For a given substance- dust or vapor- a minimum amount of spark energy (Joules) must be rapidly released in order to cause an ignition. This is referred to as MIE, Minimum Ignition Energy, and is commonly measured in milliJoules, mJ.
A discussion on sparking leads naturally into the concept of power as the rate of energy transfer in Watts (Joules per second), connecting to both the Joule and Ohm’s Law. Rapid energy transfer is better able to be incendive owing to the finite time needed for energy to disperse. Slow energy transfer may not be incendive simply because the energy needed to initiate and sustain combustion promptly disperses into the surroundings.
A discussion of energy and power is useful for a side discussion on how the electric company charges for energy in units of kilowatt hours (kWh). This is a connection of physics to money.
The overall point is that a rudimentary knowledge of electrical phenomena is of general use, even in the world of chemical manufacturing. I often hear people talk about the importance of “tech” in regard to K-12 education. By that they seem to say that using software is the critical skill. I would offer that the ability to operate software or computers is secondary to basic knowledge of how things work.
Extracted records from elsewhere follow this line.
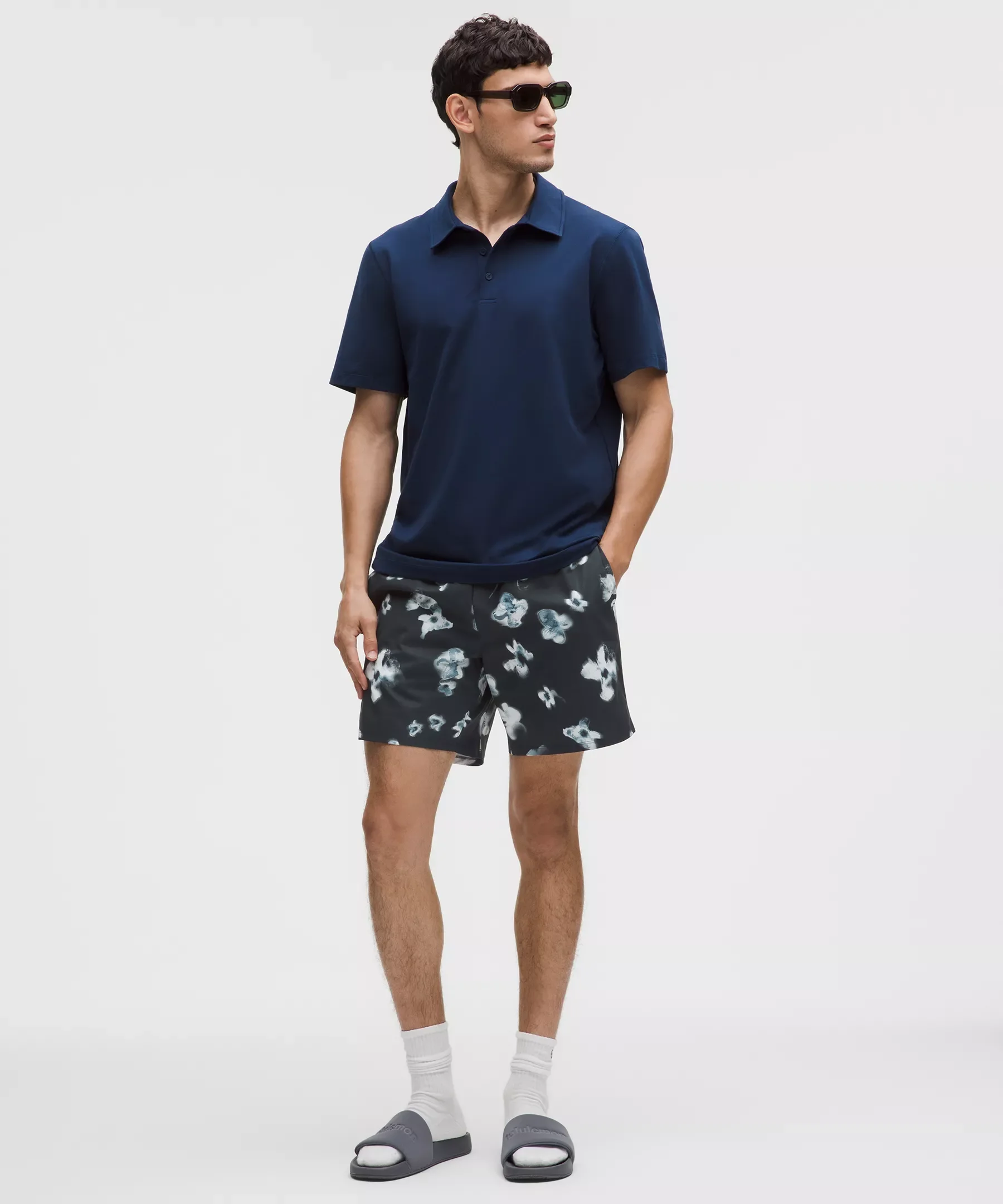 Designed for Swim Water-Repellent Fabric - Water-repellent - Chlorine-resistant - Added stretch - Brief liner is made of breathable mesh fabric - 100% of the polyester in this product is recycled (excluding trims) - This product contains recycled nylon made from repurposed plastic waste Classic Fit, 7" Length - Streamlined fit that gives glutes and thighs breathing room Product Features - Hand pockets, one with a hidden phone sleeve - Back zippered pocket with drainage hole and key loop - Waistband drawcord helps you customize the fit - Silicone artwork on drawcord provides extra grip in the water Material and care Materials Liner: 80% Polyester (recycled)20% Elastane - Body: 52% Polyester (recycled)48% Elastomultiester - Pockets: 80% Nylon (recycled)20% Elastane Care Machine Wash Cold - Do Not Bleach - Tumble Dry Low - Do Not Iron - Do Not Dry Clean - Wash With Like Colors
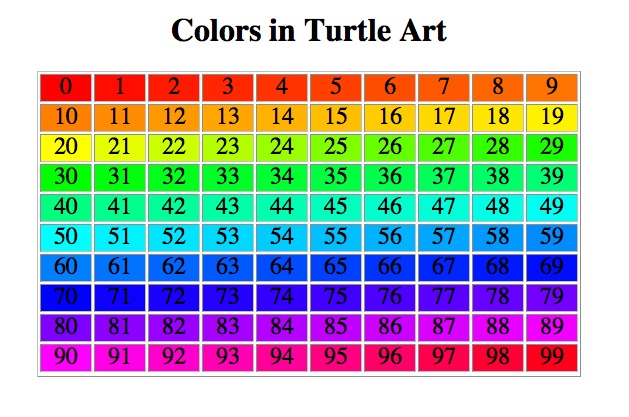 - Set Color(number) – set color of the line drawn by the turtle
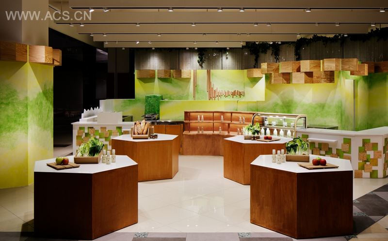 柜台和橱柜展现了牛奶的新鲜和活力,太阳和森林的精神就像色波,贯穿于空间,给空间增添了整体感,塑造了一幅充满活力的形象。
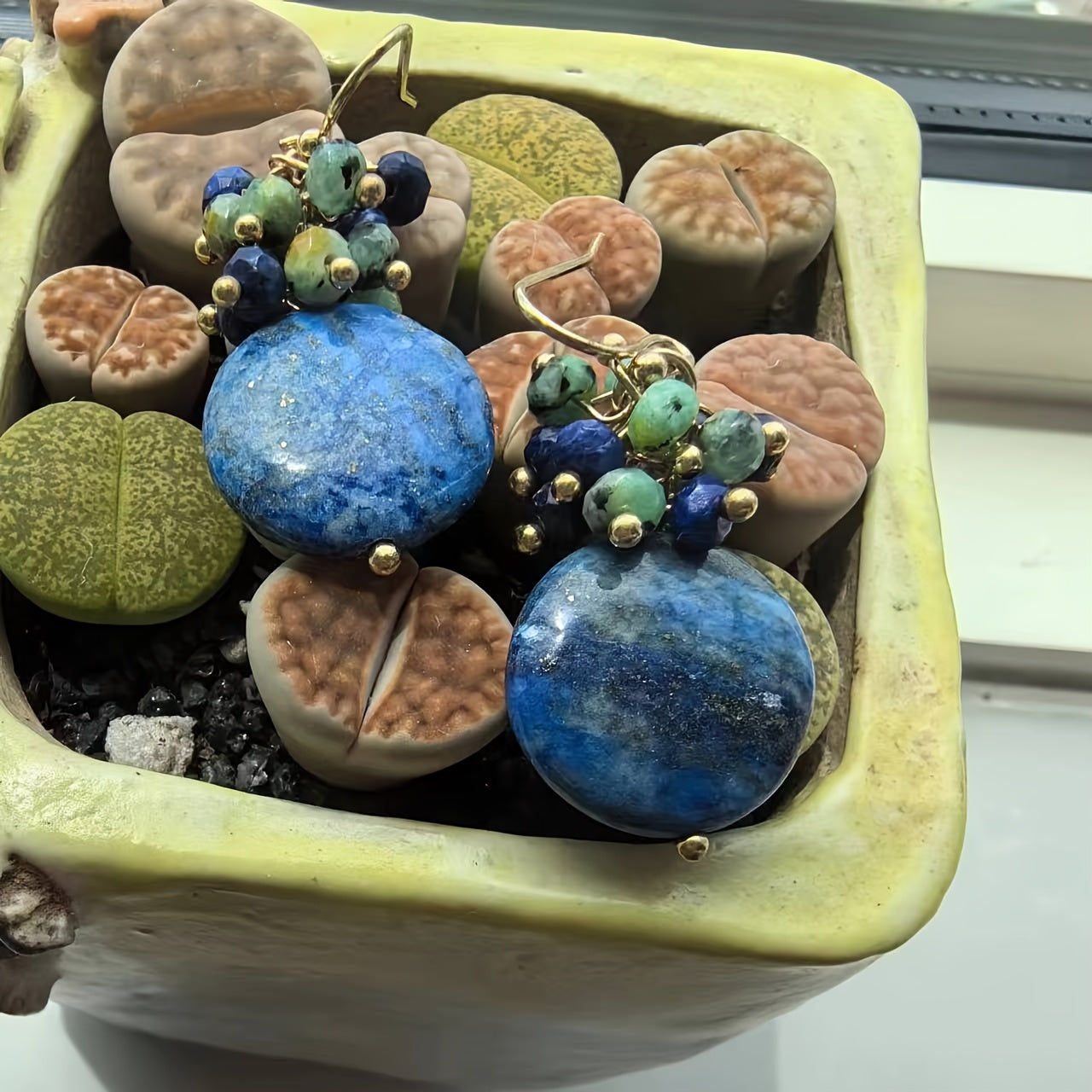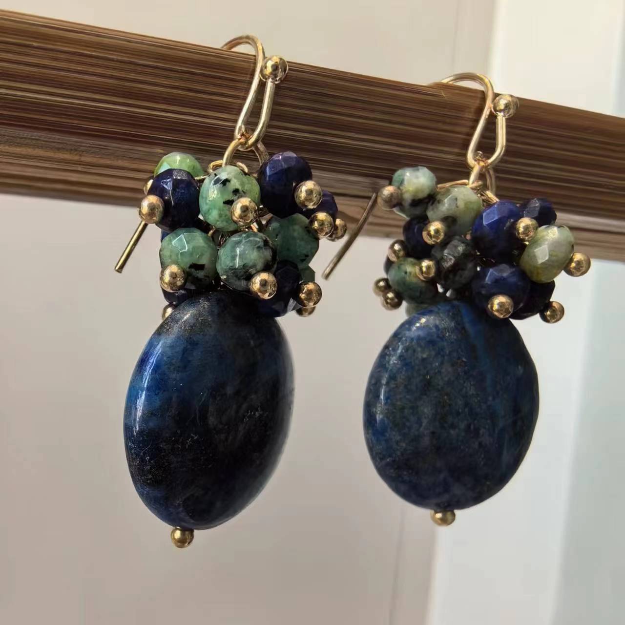 Antique-Inspired Gemstone Cluster Earrings Deep Blue Denim Emerald Green Lapis Turquoise
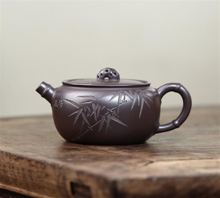 原礦百目紫泥太湖石竹段紫砂壺POT4979
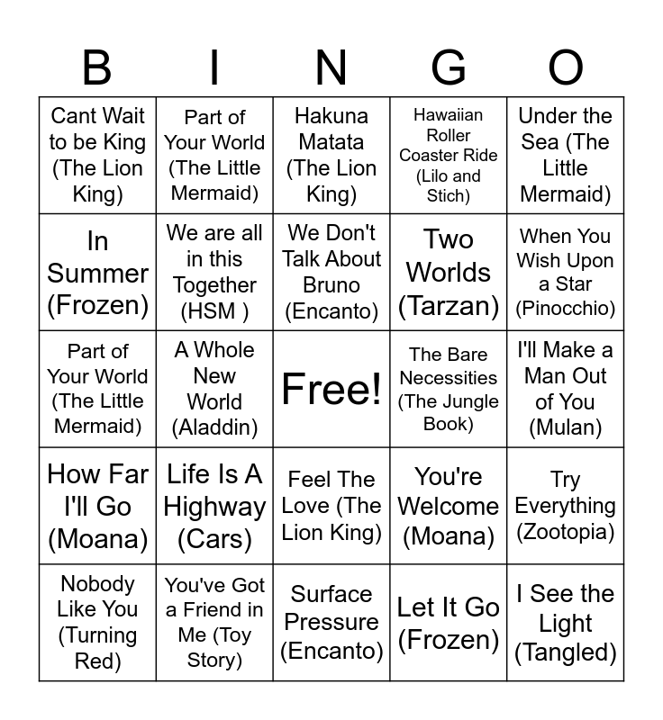 This bingo card has a free space and 24 words: Life Is A Highway (Cars), You've Got a Friend in Me (Toy Story), We Don't Talk About Bruno (Encanto), Nobody Like You (Turning Red), Under the Sea (The Little Mermaid), Cant Wait to be King (The Lion King), In Summer (Frozen), Part of Your World (The Little Mermaid), The Bare Necessities (The Jungle Book), Feel The Love (The Lion King), Two Worlds (Tarzan), Part of Your World (The Little Mermaid), You're Welcome (Moana), Try Everything (Zootopia), We are all in this Together (HSM ), Let It Go (Frozen), I'll Make a Man Out of You (Mulan), Hakuna Matata (The Lion King), When You Wish Upon a Star (Pinocchio), A Whole New World (Aladdin), I See the Light (Tangled), How Far I'll Go (Moana), Hawaiian Roller Coaster Ride (Lilo and Stich) and Surface Pressure (Encanto).
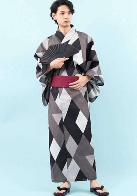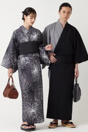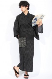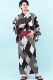 落ち着いた黒格子と白帯とのモノトーンが冴える浴衣2点セット。大人モダンなデザインなことから20代・30代男性を中心に人気。
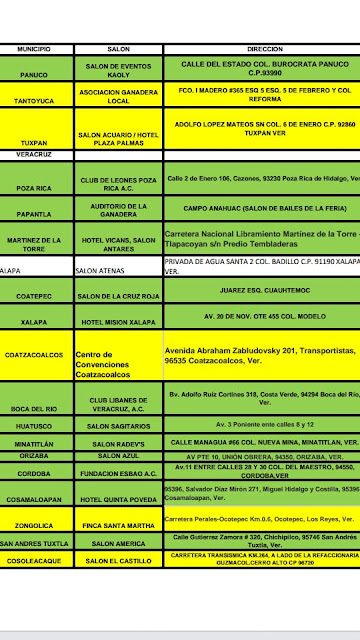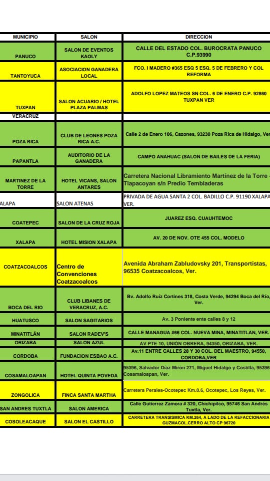 ACATLAN, ACTOPAN, ALTO LUCERO DE GUTIERREZ BARRIOS, LA ANTIGUA, APAZAPAN, TLALTETELA, CHICONQUIACO, EMILIANO ZAPATA, JALCOMULCO, XALAPA, JUCHIQUE DE FERRER, LANDERO Y COSS, MIAHUATLAN, NAOLINCO, PUENTE NACIONAL, TENAMPA, TEPETLAN, TLACOTEPEC DE MEJIA, TONAYAN, TOTUTLA, URSULO GALVAN, YECUATLA.
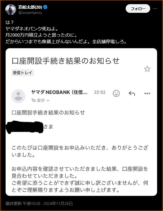 造船太郎さん、MEGABIGで2億当選したのにヤマダネオバンクの口座審査落ち(´・ω・`)
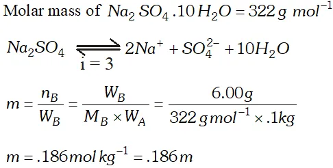 Q. Assuming complete dissociation, calculate the expected freezing point of a solution prepared by dissolving $6.00 \mathrm{g}$ Glaubers salt, $N a_{2} S O_{4}, 10 H_{2} O$ in. 100 kg of $H_{2} O\left[K_{f}=1.86\right.$ $\left.K \mathrm{kg} \mathrm{mol}^{-1}\right)$ [CBSE Board 1998]

Anyone with a well rounded education should be able to learn to use software as they need it.
Addendum 8/16/18. Since I wrote this essay, I’ve taught another 2 groups of trainees and not a single one of the 12 individuals could say that they had heard of Ohm’s law. All were high school grads over an age range of 22 to ~50. One had fresh BS Chem. E. degree. Evidently none had enough inclination in their travels to noodle their way through a rudimentary grasp of volts, ohms, amperes and basic electronic components. I find this incredible given the penetration of electrical contrivances in our lives.
This feeds into a pet theory of mine that true expertise is being replaced with software skills. I know this because it seems to be happening to me as well. Is this an aspect of the Dunning-Kruger effect?